FIG. 5 is a nozzle member showing a state during a tool changing operation,
It is sectional drawing of an arm member and a tool exchange mechanism part.

FIG. 6 is a nozzle member showing a state during a tool changing operation,
It is sectional drawing of an arm member and a tool exchange mechanism part.

FIG. 7 is a nozzle member showing a state during a tool changing operation,
It is sectional drawing of an arm member and a tool exchange mechanism part.

FIG. 8 is a nozzle member showing a state during a tool changing operation,
It is sectional drawing of an arm member and a tool exchange mechanism part.

FIG. 9 is a flowchart showing a tool exchange operation of the mounting machine.

[Explanation of symbols]

 1 Base 5 Head Unit 10 Tool Exchange Station 20 Nozzle Member 21 Arm Member 22 Nozzle Shaft 23 Inner Shaft 24 Outer Shaft 27 Nozzle 31 Guide Groove 31a Vertical Groove 31b Horizontal Groove 33 Arm 34 Arm Support Block 38 Fixing Pin 41 Detachable Hole 56 Base block 57 Fixing pin 58 Second chuck block 67 First chuck block

Claims (2)

[Claims] 1. A head unit movably mounted above a base, a nozzle member provided on the head unit so as to be able to move up and down, and an electronic component suction member detachably mounted on a lower end portion of the nozzle member.

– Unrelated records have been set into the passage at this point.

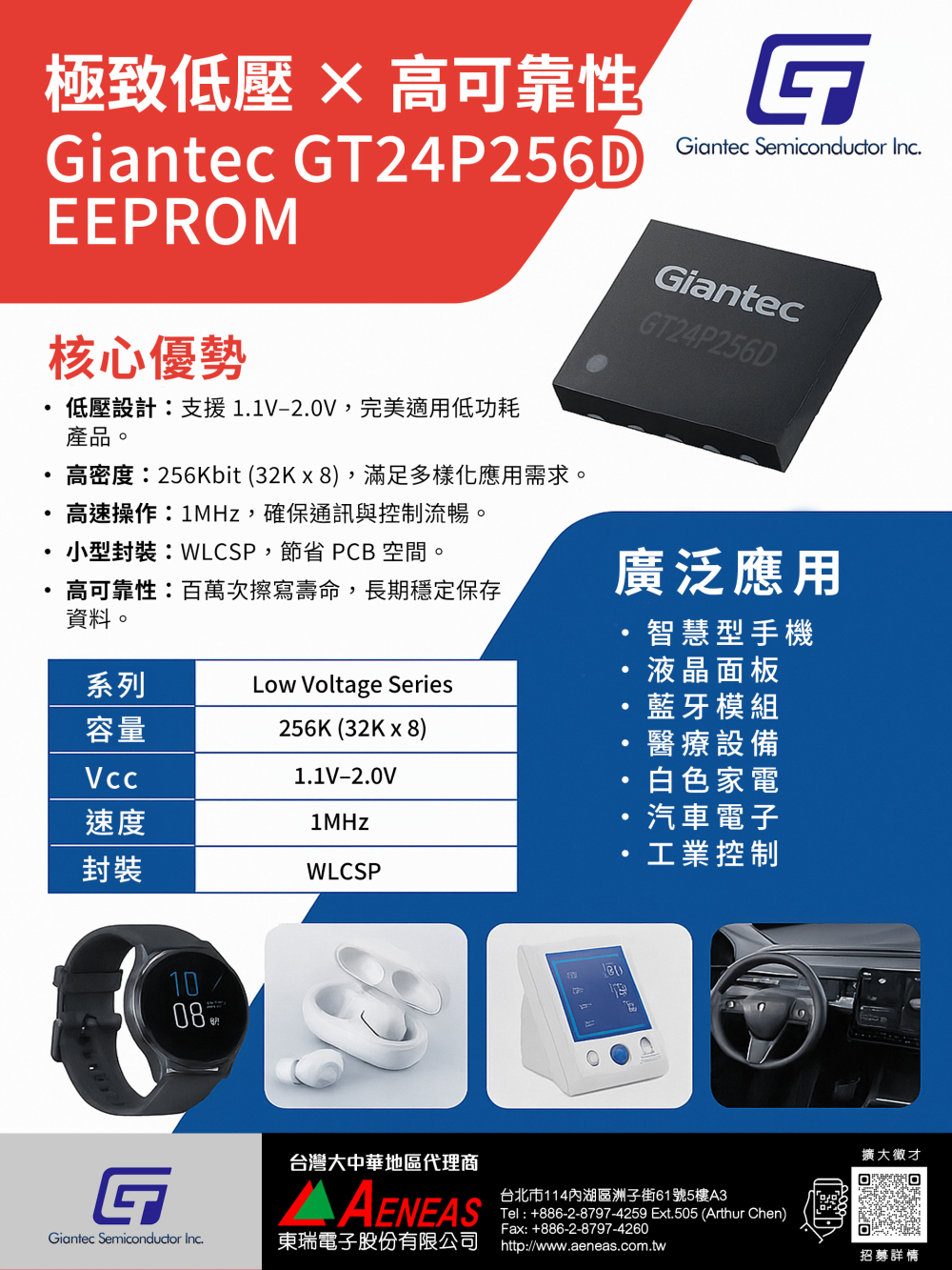 GIANTEC GT24P256D - Ultra-low-voltage 256 Kbit EEPROM in WLCSP package — ideal for wearables, medical devices, and industrial control.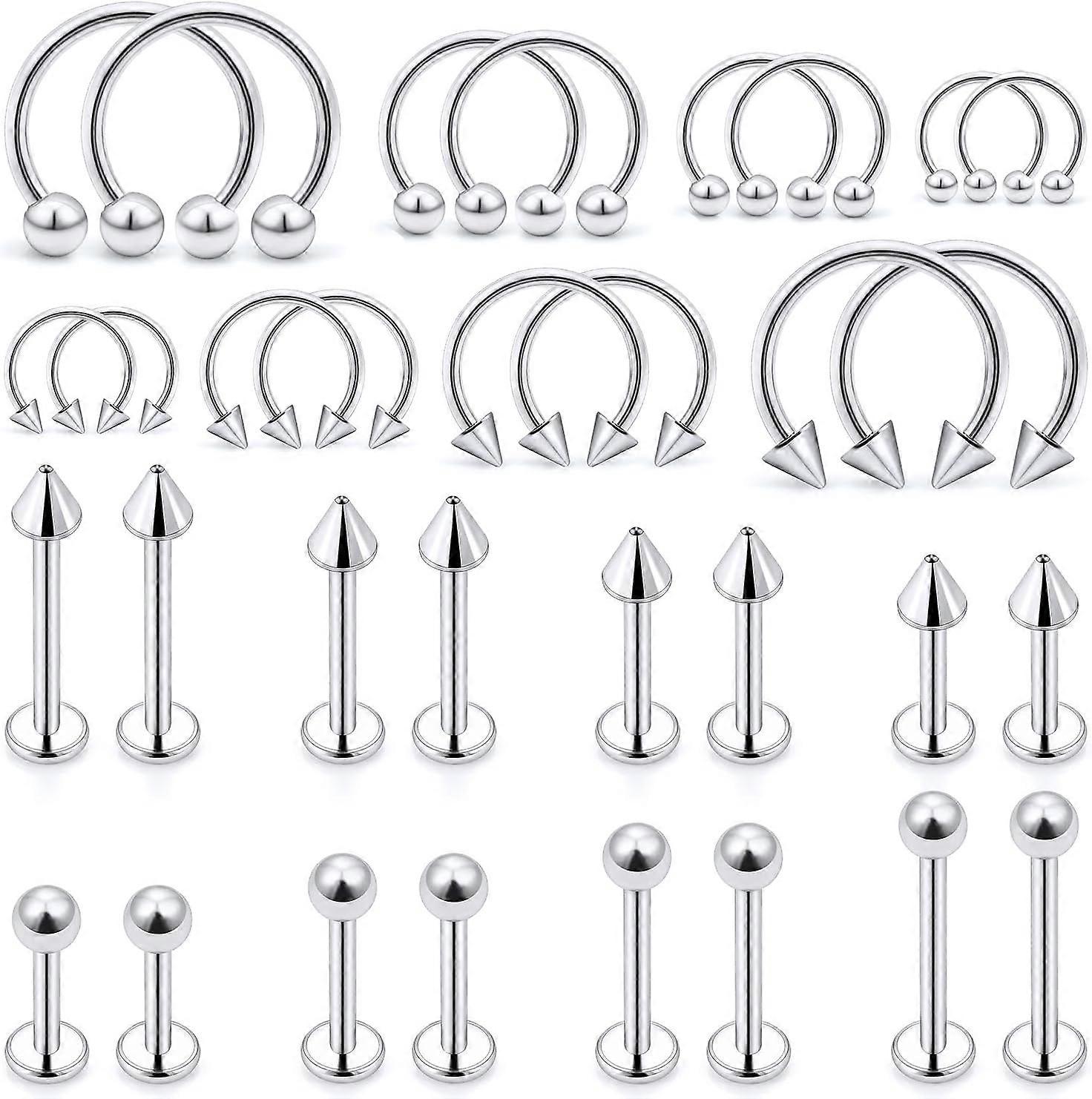 <p>SATISFACTION GUARANTEE & PACKAGE: Excellent Presale Consulting and Aftersale Customer Service. Coming with a Velvet Gift Bag. It's the Best Gift for Birthday, Christmas Day, Anniversary Day, Valentine's Day and more.</p> <p>Each Order Includes 16Pcs Labret Studs(LB) of 4 Different Size and 16Pcs Horseshoe Rings of 4 Different Size. Suit for Women and Men. Come with a Velvet Gift Bag, Absolutely a Great Choice for Gifts.</p> <p>Material: 316L Stainless Surgical Steel, Solid and Durable, Rarely Fade and Rust, Hypoallergenic; High Polished Surface, Very Smooth to Wear, Extremely Easy to Clean.</p> <p>MULTIPLE APPLICATION: These Piercing Jewelry Can be Use as Lip Rings, Labret Jewelry, Medusa Piercing Jewelry, Monroe Piercing Jewelry, Ashley Piercing Lip Jewelry, Smiley Piercing Jewelry, Nose Septum Rings, Tragus Earring, Triple Helix Earrings, Daith Piercing Jewelry, Eyebrow Rings and Other Body Piercing Jewelry.</p> <p>Thickness: 16G (1.2mm); Ball Size: 3mm; Spike Size: 3mm; Wearable Bar Length of Labret Studs: 6mm, 8mm, 10mm, 12mm; Inner Diameter of Horseshoe Rings: 6mm, 8mm, 10mm, 12mm; Color: Silvertone.</p>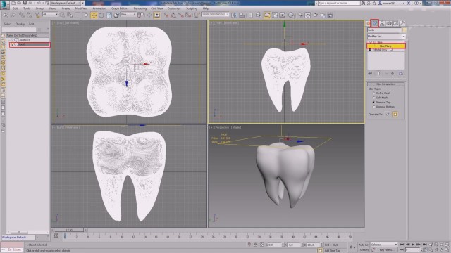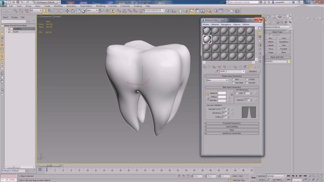 Шаг-1.Запускаем 3Ds Max, создаём объект или загружаем любой другой объект, который скачали с интернета. В моём случае - это объект зуба.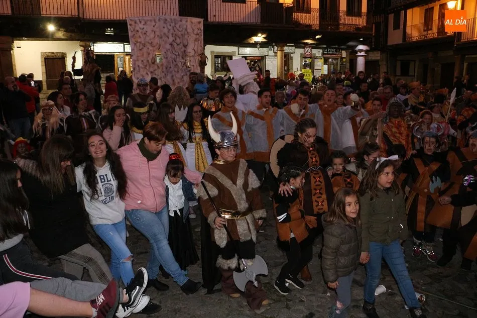 La Alberca continúa hoy con su divertida programación de carnaval propuesta desde el Ayuntamiento. Cientos de personas se dieron en la Plaza Mayor tras partir desde la ermita de San Antonio para disfrutar del divertido pasacalles y posterior concurso de disfraces. No faltó la música de la charanga y una chocolatada ofrecida en el soportal del Consistorio.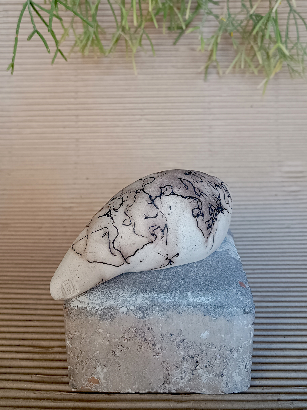 Pieza realizada a mano en arcilla blanca refractaria, 1270ºC. Decorada en cocción especial de rakú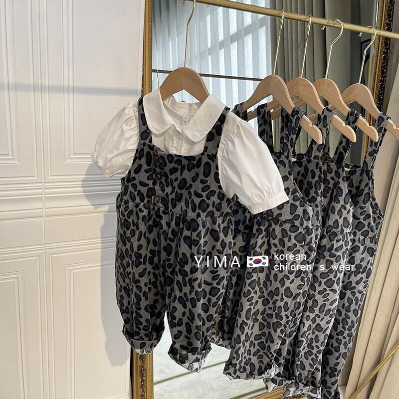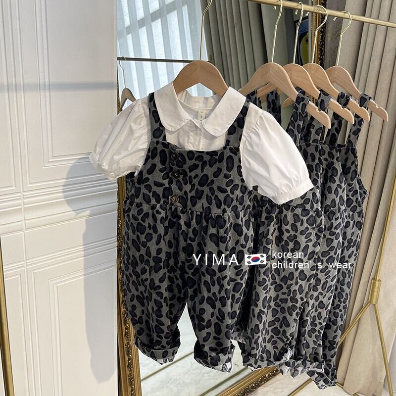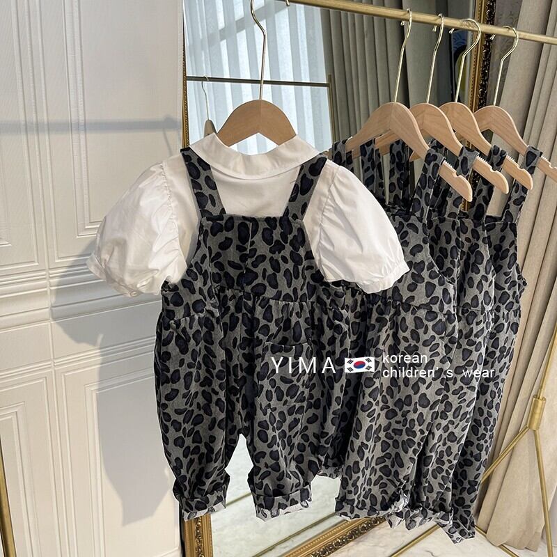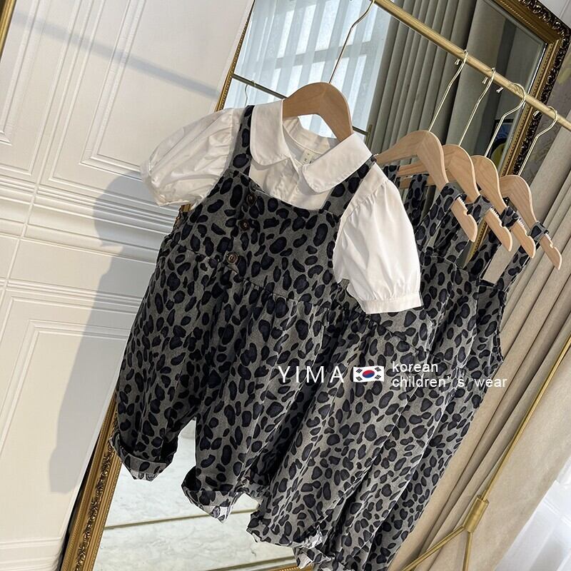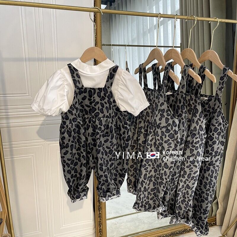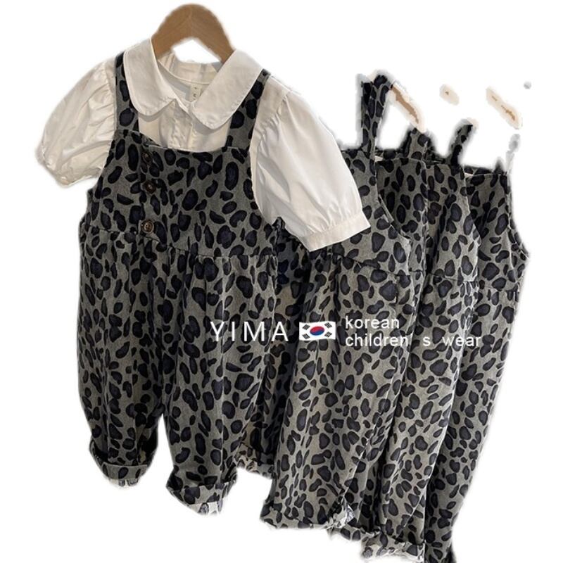 色:白のシャツ,ヒョウ柄のオーバーオール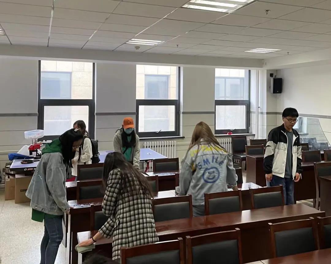 我为师生办实事。党员同志们选择了打扫学院419会议室,大家统一行动,在热火朝天的劳动中和同学们的欢声笑语下,本次支部活动顺利结束。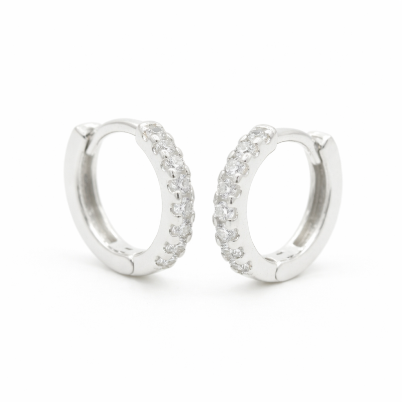 Brinco em Prata 925 tipo argola pequena com zircônias brancas, ideal para segundo furo, clássico e elegante, perfeito para realçar o brilho do seu dia a dia.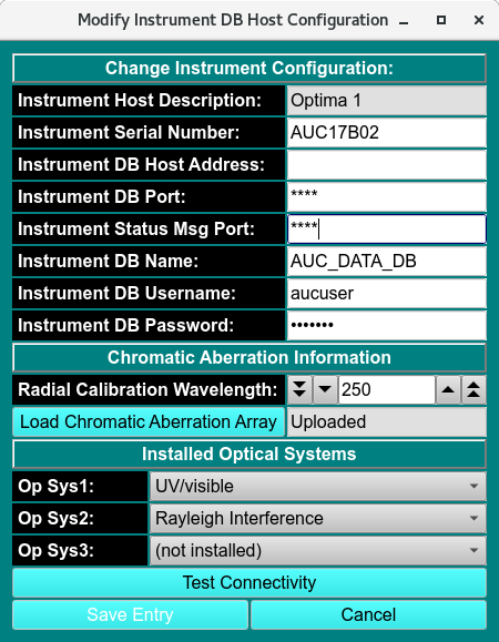 The optima host configuration panel allows you to configure the connection to one or more Optima instruments in your lab. Here you can enter the description, host address and port of the Optima instrument, as well as Optima database name, user name, and password. Additional information includes a radial calibration wavelength, a file from which to upload a chromatic aberration array, and installed optical systems.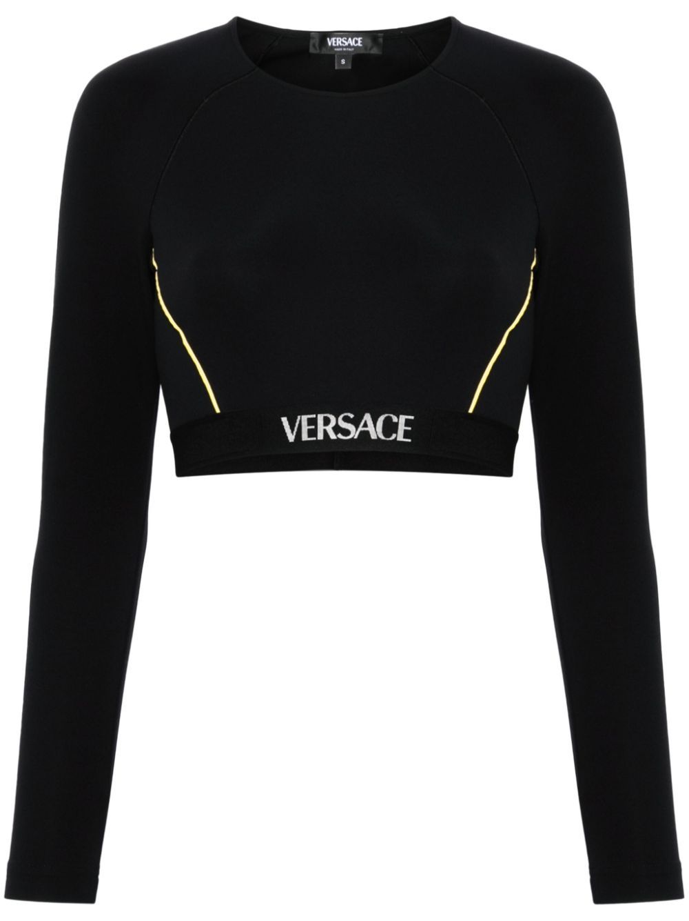 black stretch-design elasticated logo waistband round neck long sleeves cropped contrasting trim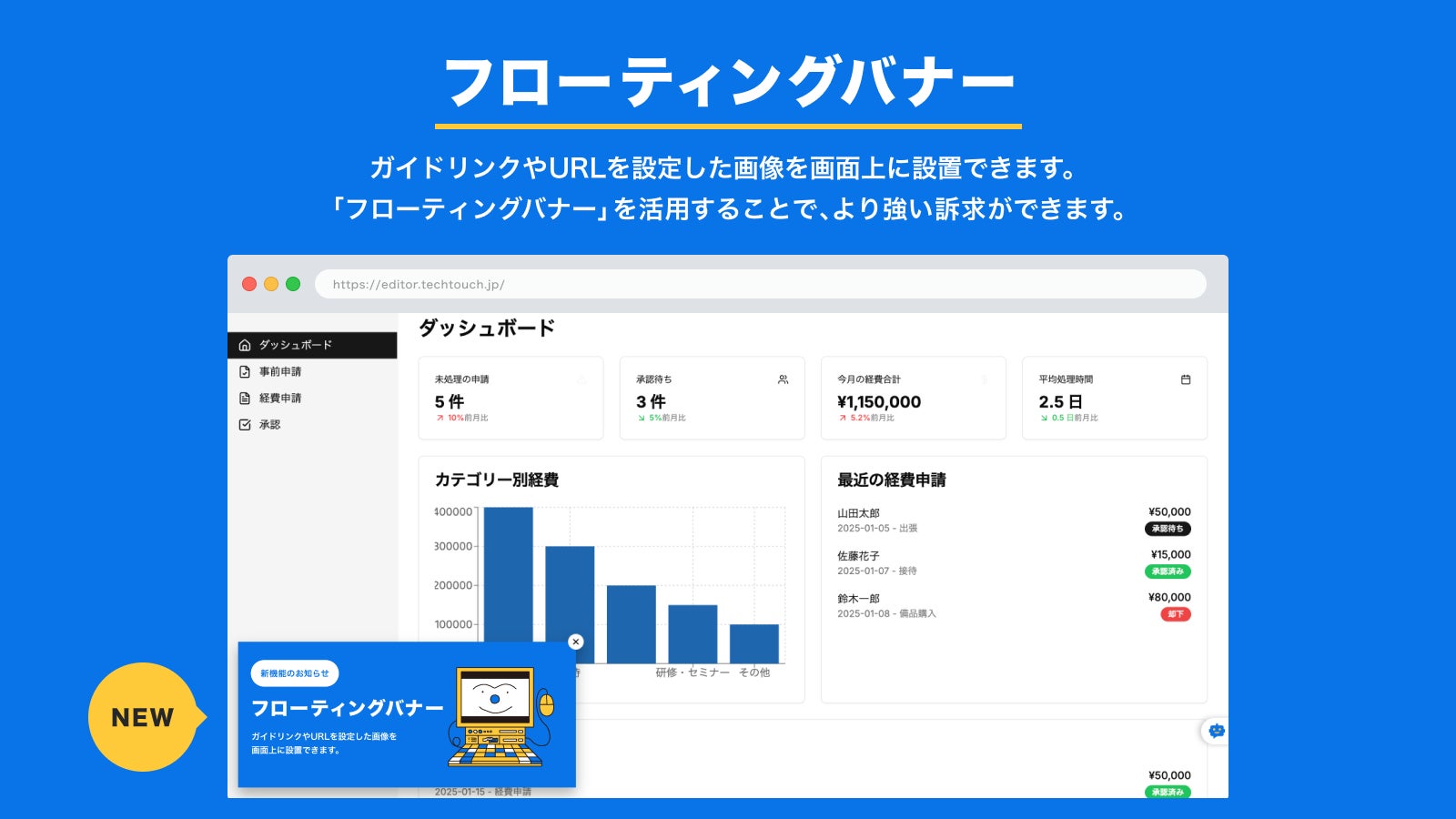 そこでテックタッチは、これまで提供してきたノーコードの操作ガイド機能の知見を活かし、通知・導線・操作支援を一つに統合しながら、高度なアクション誘導をノーコードで実現できる新機能「新型フローティングバナー」を開発しました。

A mounting machine equipped with a nozzle for use and an arm member detachably mounted on the nozzle member, the arm member having a plurality of arms for positioning the electronic component sucked by the nozzle, While a plurality of pin members are provided in a protruding manner, one or a plurality of substantially inverted L-shapes composed of vertical grooves and horizontal grooves are formed on the outer peripheral surface of the nozzle member so as to correspond to the protruding positions of the pin members. The guide member is engraved, and the arm member is engaged with the nozzle member by interposing the pin member of the arm member from the vertical groove in the guide groove of the nozzle member to the lateral groove, while on the base. Each other A tool exchanging station equipped with at least a pair of chuck members for exchanging arm members which can be brought into contact with and separated from each other is provided so that the nozzle member and the chuck member can be rotated relative to each other. A tool exchanging device for a mounting machine, wherein an engaging portion corresponding to the chuck member for use with the outer peripheral surface of the arm member is provided. 2. A state in which the nozzle is attached to the nozzle member so as to be detachable in response to an external force, and a rib portion is provided on an outer peripheral surface in the vicinity of the tip end portion of the nozzle, while being close to the tool exchange station. And a pair of nozzle replacement chuck members capable of gripping the nozzles in a state of being close to and apart from each other and being close to each other,
Below the approaching position of these nozzle replacement chuck members,
The tool exchanging device for a mounting machine according to claim 1, further comprising a support member that supports the tip portion of the nozzle.